[SOURCE DATA — start]
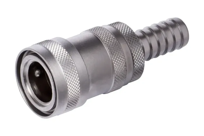 Zásuvka rýchlospojky na vodu NiTO CLICK 1/2″ s koncovkou na hadicu a uzatváracím ventilom. Rýchlospojky NiTO CLICK sú rýchlospojky na vodu vyrobené podľa profilu veľmi populárnych plastových záhradných rýchlospojok a sú s nimi kompatibilné. Tesnenie pomocou o-krúžku umiestneného zvonka na zástrčke. Vyrobené v Dánsku – 5 rokov záruka. Zachovávajú jednoduchosť všeobecne známych plastových rýchlospojok a vyznačujú sa odolnosťou a trvanlivosťou. Určené na vodu, vodu s čistiacimi prostriedkami na použitie v priemysle, službách, záhradníctve, poľnohospodárstve atď. Materiál: chrómovaná mosadz (mat – satén). Pracovný tlak: do 25 bar. Pracovná teplota: od -30°C do +80°C. Tesnenie: NBR (nie je vhodné na benzíny a oleje). Tesnenie ventilu: o-krúžok z EPDM.
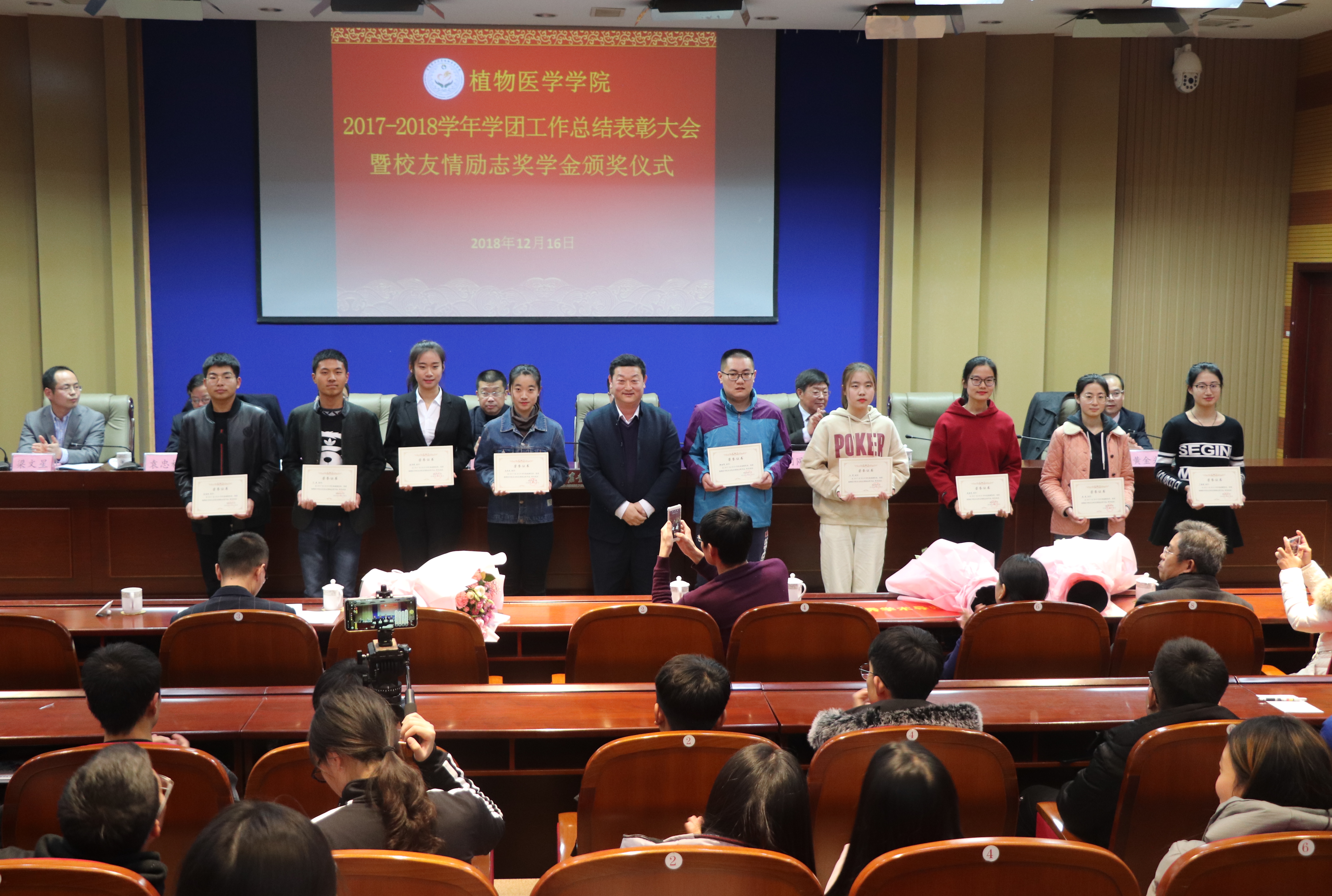 12月16日,青岛农业大学植物医学学院2017-2018学年学团工作总结表彰大会暨植物医学学院校友情励志奖学金颁奖仪式在学术会馆举行。校党委学生工作部(处)部(处)长王清春、校团委书记王峰、校党委研究生工作部(处)副部(处)长徐德武,植物医学校友会副会长、青岛谷成作物科技有限公司总经理赵红波和植物医学学院党政领导班子出席会议。会议由学院党总支副书记、副院长李军主持。
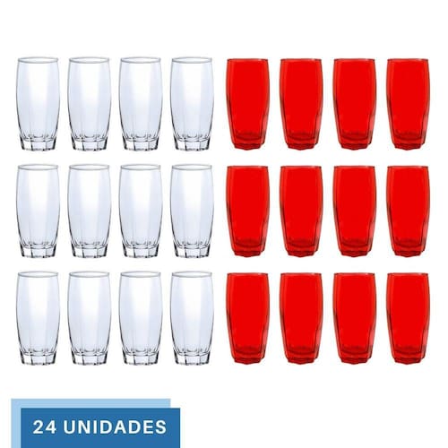 Itens inclusos: 12 unidades vermelho + 12 unidades transparente
[SOURCE DATA — finish]
Restate all of the material word for word, leaving every picture out.

**PROBLEM SOLUTION**
 Zásuvka rýchlospojky na vodu NiTO CLICK 1/2″ s koncovkou na hadicu a uzatváracím ventilom. Rýchlospojky NiTO CLICK sú rýchlospojky na vodu vyrobené podľa profilu veľmi populárnych plastových záhradných rýchlospojok a sú s nimi kompatibilné. Tesnenie pomocou o-krúžku umiestneného zvonka na zástrčke. Vyrobené v Dánsku – 5 rokov záruka. Zachovávajú jednoduchosť všeobecne známych plastových rýchlospojok a vyznačujú sa odolnosťou a trvanlivosťou. Určené na vodu, vodu s čistiacimi prostriedkami na použitie v priemysle, službách, záhradníctve, poľnohospodárstve atď. Materiál: chrómovaná mosadz (mat – satén). Pracovný tlak: do 25 bar. Pracovná teplota: od -30°C do +80°C. Tesnenie: NBR (nie je vhodné na benzíny a oleje). Tesnenie ventilu: o-krúžok z EPDM.
 12月16日,青岛农业大学植物医学学院2017-2018学年学团工作总结表彰大会暨植物医学学院校友情励志奖学金颁奖仪式在学术会馆举行。校党委学生工作部(处)部(处)长王清春、校团委书记王峰、校党委研究生工作部(处)副部(处)长徐德武,植物医学校友会副会长、青岛谷成作物科技有限公司总经理赵红波和植物医学学院党政领导班子出席会议。会议由学院党总支副书记、副院长李军主持。
 Itens inclusos: 12 unidades vermelho + 12 unidades transparente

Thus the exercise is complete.